### ABOUT THIS TASK
Filter the entries below, keeping only lines with "rural".

(Source records)
::::::

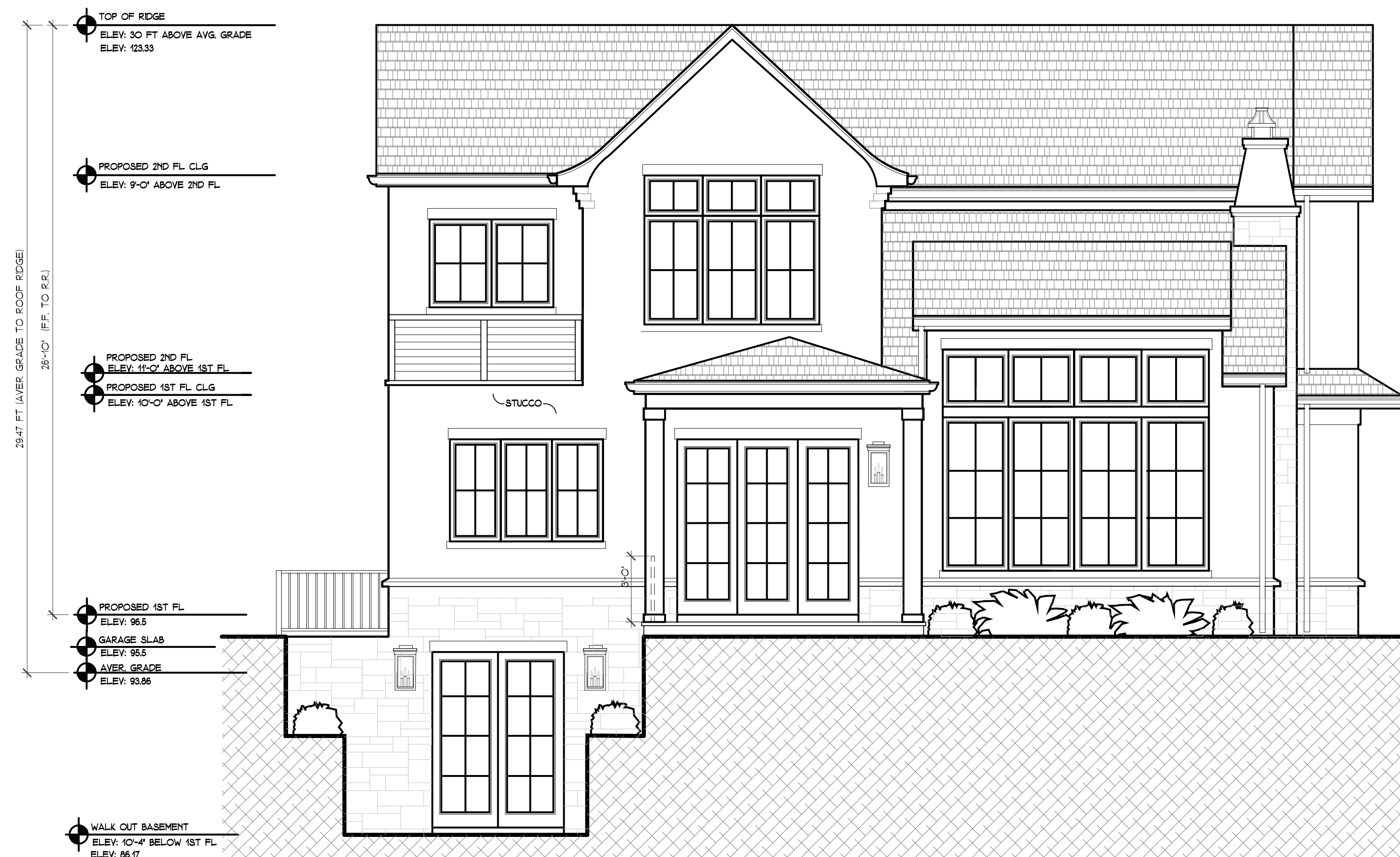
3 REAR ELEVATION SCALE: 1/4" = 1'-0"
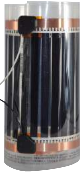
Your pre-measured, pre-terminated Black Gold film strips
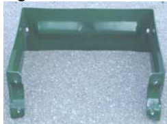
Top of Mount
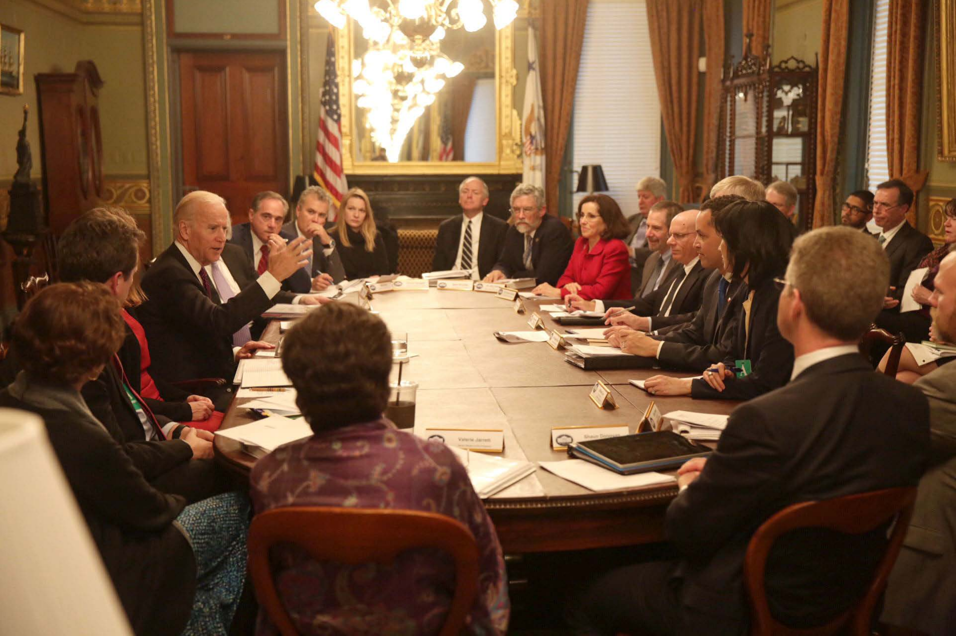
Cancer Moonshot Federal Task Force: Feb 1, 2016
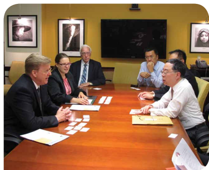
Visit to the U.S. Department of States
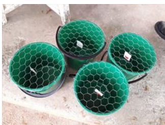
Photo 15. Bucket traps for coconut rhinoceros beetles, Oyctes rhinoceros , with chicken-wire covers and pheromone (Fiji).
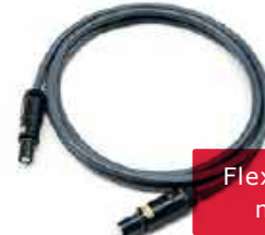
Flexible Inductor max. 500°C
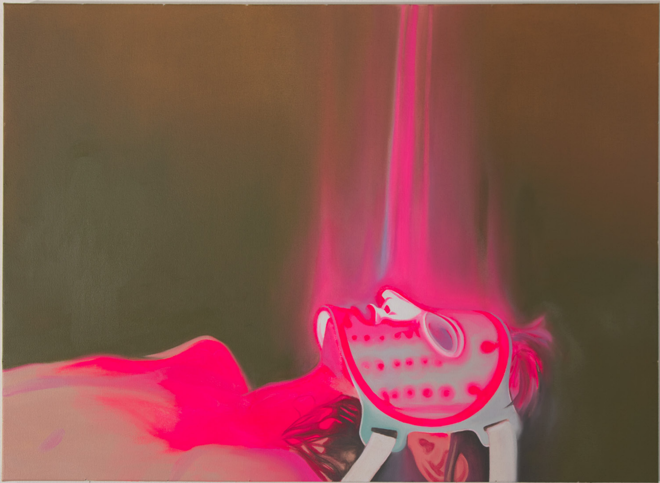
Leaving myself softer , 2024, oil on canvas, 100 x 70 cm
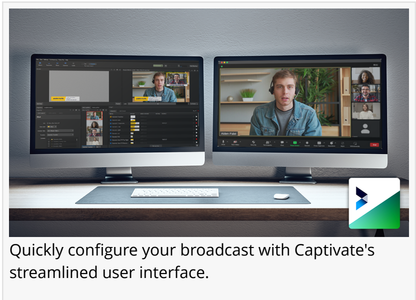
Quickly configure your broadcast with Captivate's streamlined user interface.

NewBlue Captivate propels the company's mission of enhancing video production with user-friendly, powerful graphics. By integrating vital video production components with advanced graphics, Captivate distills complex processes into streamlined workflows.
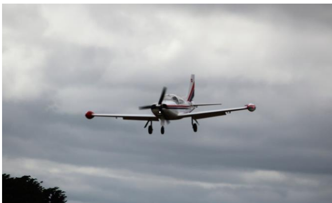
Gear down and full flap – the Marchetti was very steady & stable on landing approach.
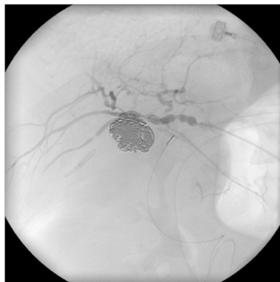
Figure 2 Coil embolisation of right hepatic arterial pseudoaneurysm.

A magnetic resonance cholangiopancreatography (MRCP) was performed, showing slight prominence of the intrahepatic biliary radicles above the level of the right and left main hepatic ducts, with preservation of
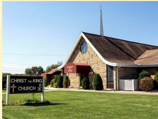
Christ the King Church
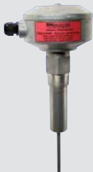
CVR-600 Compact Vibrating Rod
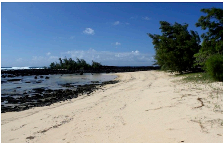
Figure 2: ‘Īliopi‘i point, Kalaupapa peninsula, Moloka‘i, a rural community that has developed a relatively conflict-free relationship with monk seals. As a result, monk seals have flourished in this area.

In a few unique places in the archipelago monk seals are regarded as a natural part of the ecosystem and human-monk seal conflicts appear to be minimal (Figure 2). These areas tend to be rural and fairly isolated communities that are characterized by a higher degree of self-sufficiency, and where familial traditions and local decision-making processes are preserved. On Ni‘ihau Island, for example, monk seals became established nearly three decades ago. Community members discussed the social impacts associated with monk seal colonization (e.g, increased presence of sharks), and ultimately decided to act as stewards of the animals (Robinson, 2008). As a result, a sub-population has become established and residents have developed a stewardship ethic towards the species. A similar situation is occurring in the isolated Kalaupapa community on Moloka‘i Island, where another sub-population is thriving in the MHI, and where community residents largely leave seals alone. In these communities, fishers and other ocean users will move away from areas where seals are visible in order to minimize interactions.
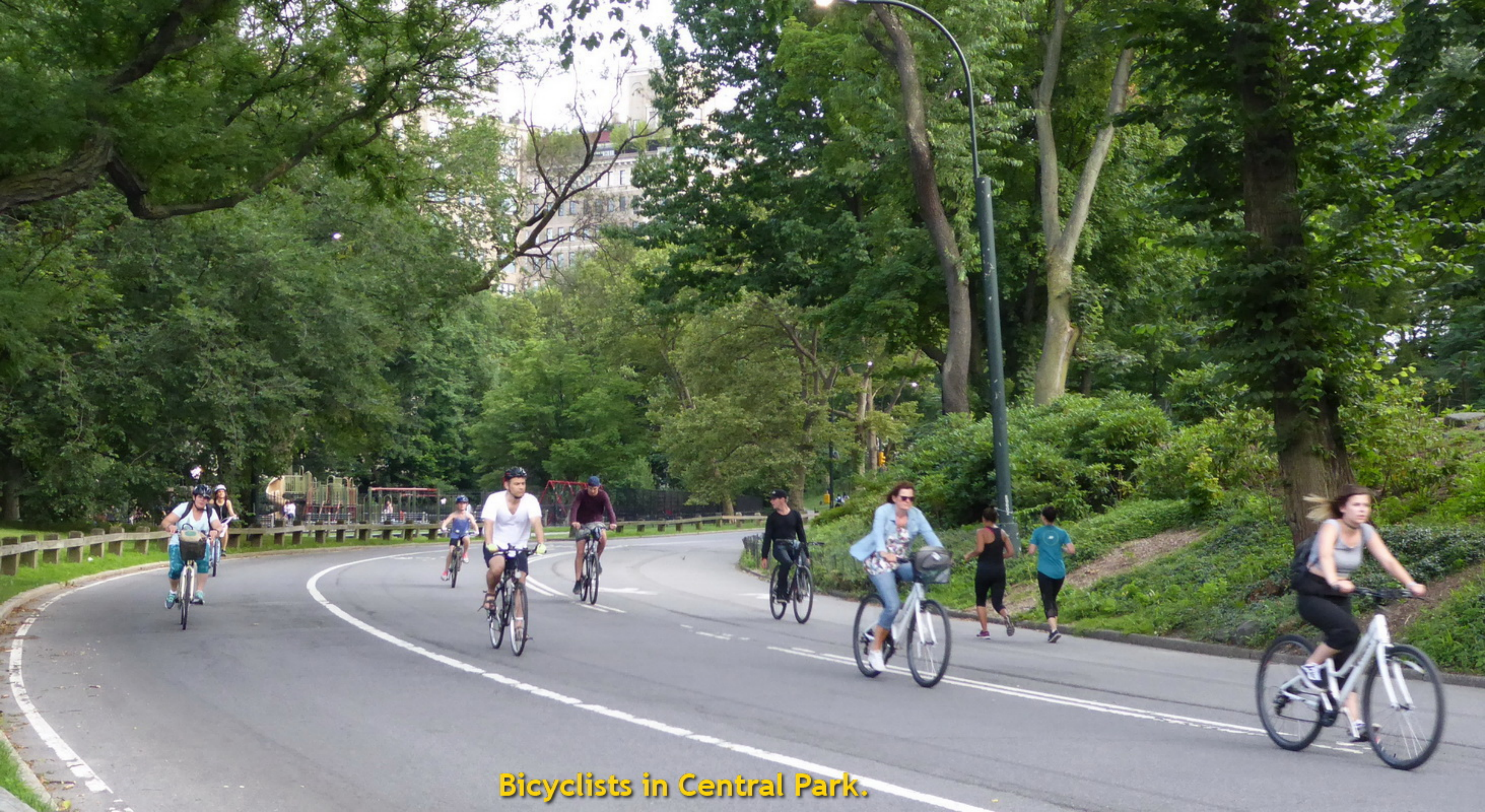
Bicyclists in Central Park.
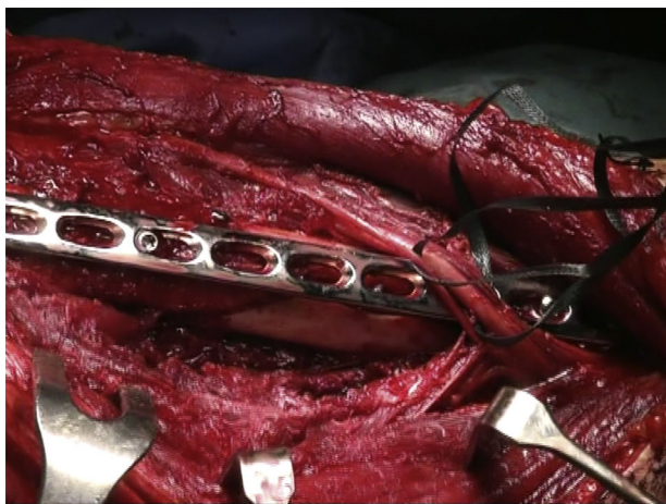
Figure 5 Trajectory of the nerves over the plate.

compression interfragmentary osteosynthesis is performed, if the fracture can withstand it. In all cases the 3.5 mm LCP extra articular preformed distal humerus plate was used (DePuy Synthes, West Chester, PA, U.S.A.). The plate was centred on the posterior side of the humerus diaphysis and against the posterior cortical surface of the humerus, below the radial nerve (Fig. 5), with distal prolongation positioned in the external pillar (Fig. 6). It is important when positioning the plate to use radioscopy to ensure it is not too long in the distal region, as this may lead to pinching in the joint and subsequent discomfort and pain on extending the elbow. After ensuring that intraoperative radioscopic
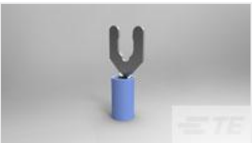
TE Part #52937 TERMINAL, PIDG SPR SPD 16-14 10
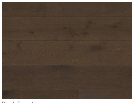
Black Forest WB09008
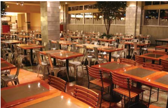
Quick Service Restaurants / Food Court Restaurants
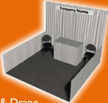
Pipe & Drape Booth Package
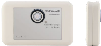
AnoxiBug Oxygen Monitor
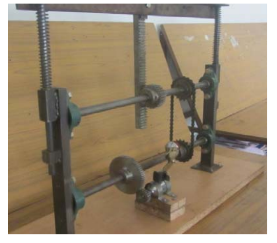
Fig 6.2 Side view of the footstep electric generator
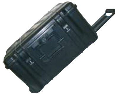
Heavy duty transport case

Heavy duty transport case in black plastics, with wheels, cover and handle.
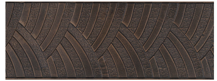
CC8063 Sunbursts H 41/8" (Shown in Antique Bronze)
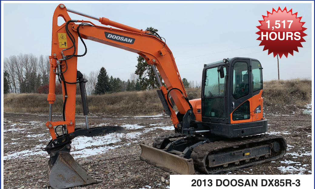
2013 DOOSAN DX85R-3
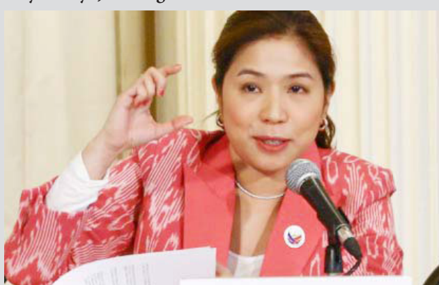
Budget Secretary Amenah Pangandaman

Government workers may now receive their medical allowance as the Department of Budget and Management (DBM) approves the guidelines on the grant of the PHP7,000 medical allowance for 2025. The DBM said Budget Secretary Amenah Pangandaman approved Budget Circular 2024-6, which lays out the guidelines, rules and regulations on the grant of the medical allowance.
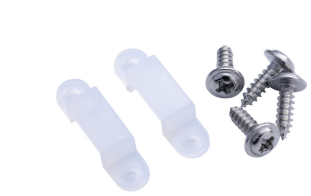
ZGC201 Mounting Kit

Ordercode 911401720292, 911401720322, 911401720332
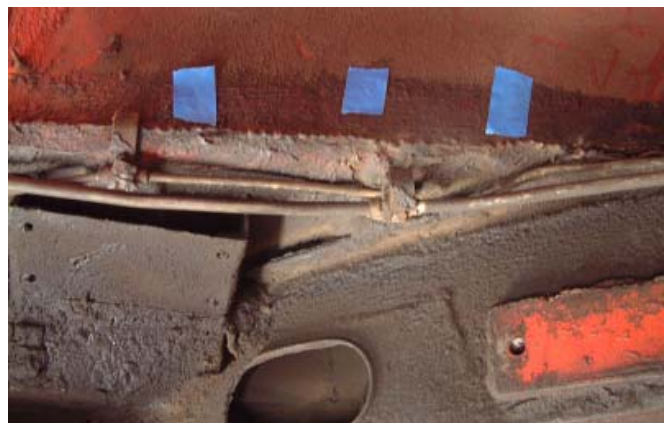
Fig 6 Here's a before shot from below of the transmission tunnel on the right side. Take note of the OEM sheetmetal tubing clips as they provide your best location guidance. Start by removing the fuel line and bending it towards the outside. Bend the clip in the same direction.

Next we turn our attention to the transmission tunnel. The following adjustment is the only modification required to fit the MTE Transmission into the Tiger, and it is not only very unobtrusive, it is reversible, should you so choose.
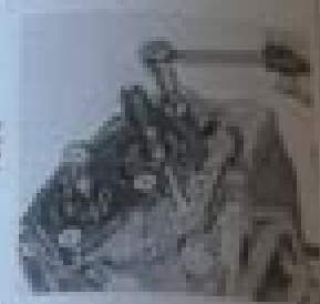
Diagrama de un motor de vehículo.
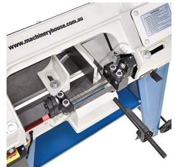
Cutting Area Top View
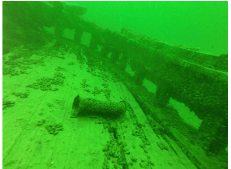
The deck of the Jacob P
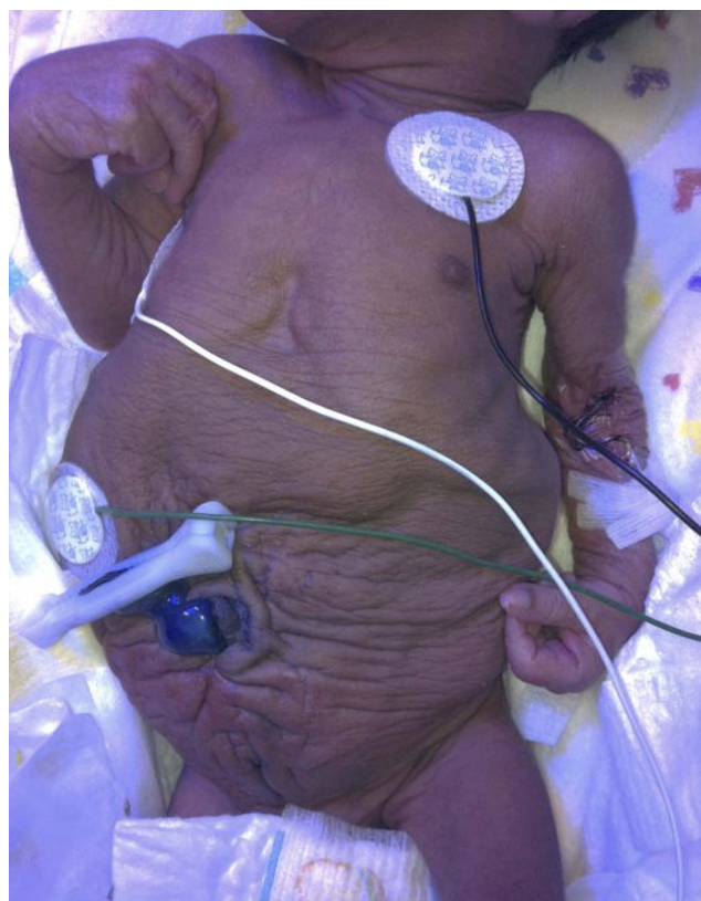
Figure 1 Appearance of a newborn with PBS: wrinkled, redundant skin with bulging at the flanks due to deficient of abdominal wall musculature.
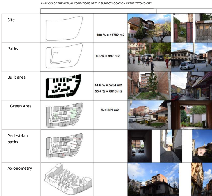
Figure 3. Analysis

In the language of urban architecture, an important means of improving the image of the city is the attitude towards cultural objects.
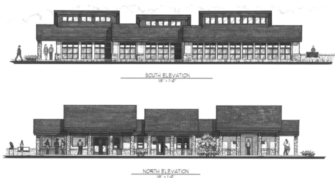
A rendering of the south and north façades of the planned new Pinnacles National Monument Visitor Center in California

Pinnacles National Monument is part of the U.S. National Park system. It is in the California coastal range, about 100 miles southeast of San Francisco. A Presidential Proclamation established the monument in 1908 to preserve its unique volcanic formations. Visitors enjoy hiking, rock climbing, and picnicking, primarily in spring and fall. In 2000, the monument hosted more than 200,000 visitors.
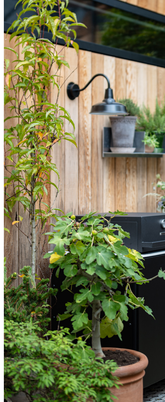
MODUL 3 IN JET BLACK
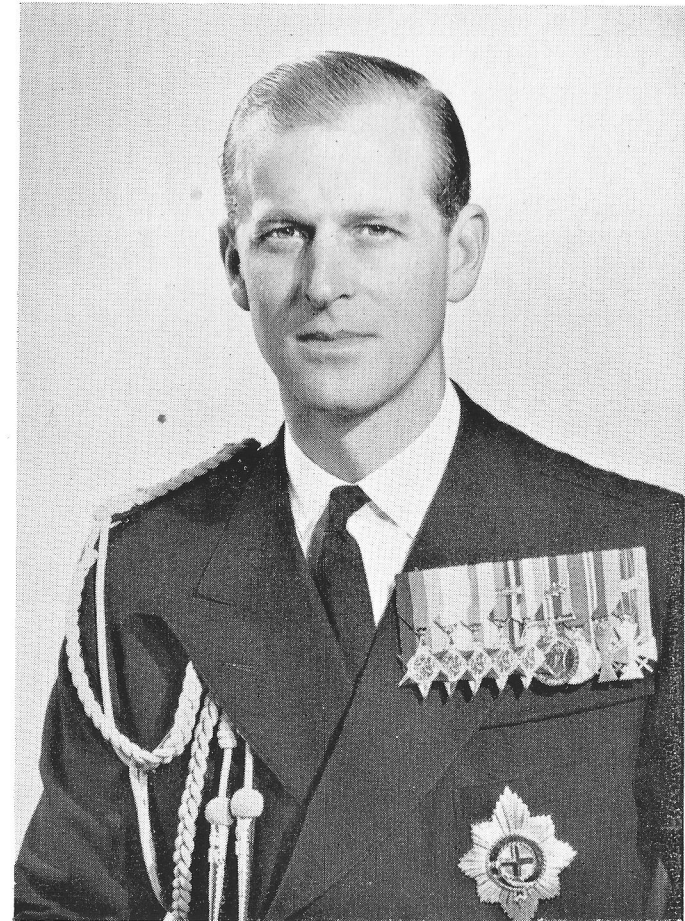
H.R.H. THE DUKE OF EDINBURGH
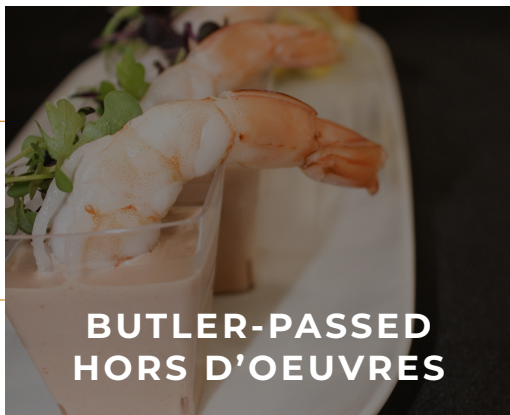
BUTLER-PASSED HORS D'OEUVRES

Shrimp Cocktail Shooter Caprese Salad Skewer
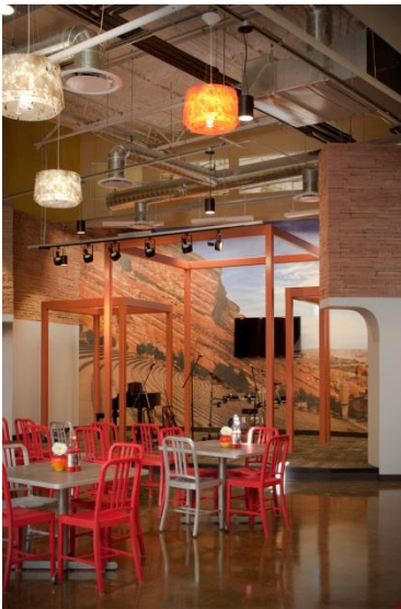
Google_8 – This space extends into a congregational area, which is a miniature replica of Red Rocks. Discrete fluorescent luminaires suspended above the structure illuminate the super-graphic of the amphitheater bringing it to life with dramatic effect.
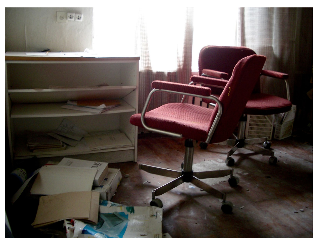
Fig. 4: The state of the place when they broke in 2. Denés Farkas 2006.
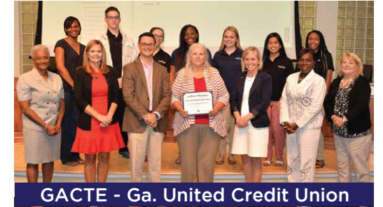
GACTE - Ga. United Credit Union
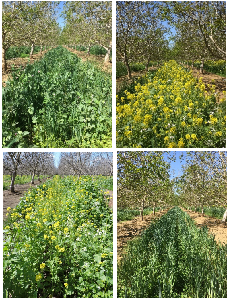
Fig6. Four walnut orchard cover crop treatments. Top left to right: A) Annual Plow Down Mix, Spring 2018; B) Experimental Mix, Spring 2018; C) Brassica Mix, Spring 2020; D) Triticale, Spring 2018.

::::::

### OUTPUT FOR THIS EXERCISE
Figure 2: ‘Īliopi‘i point, Kalaupapa peninsula, Moloka‘i, a rural community that has developed a relatively conflict-free relationship with monk seals. As a result, monk seals have flourished in this area.
In a few unique places in the archipelago monk seals are regarded as a natural part of the ecosystem and human-monk seal conflicts appear to be minimal (Figure 2). These areas tend to be rural and fairly isolated communities that are characterized by a higher degree of self-sufficiency, and where familial traditions and local decision-making processes are preserved. On Ni‘ihau Island, for example, monk seals became established nearly three decades ago. Community members discussed the social impacts associated with monk seal colonization (e.g, increased presence of sharks), and ultimately decided to act as stewards of the animals (Robinson, 2008). As a result, a sub-population has become established and residents have developed a stewardship ethic towards the species. A similar situation is occurring in the isolated Kalaupapa community on Moloka‘i Island, where another sub-population is thriving in the MHI, and where community residents largely leave seals alone. In these communities, fishers and other ocean users will move away from areas where seals are visible in order to minimize interactions.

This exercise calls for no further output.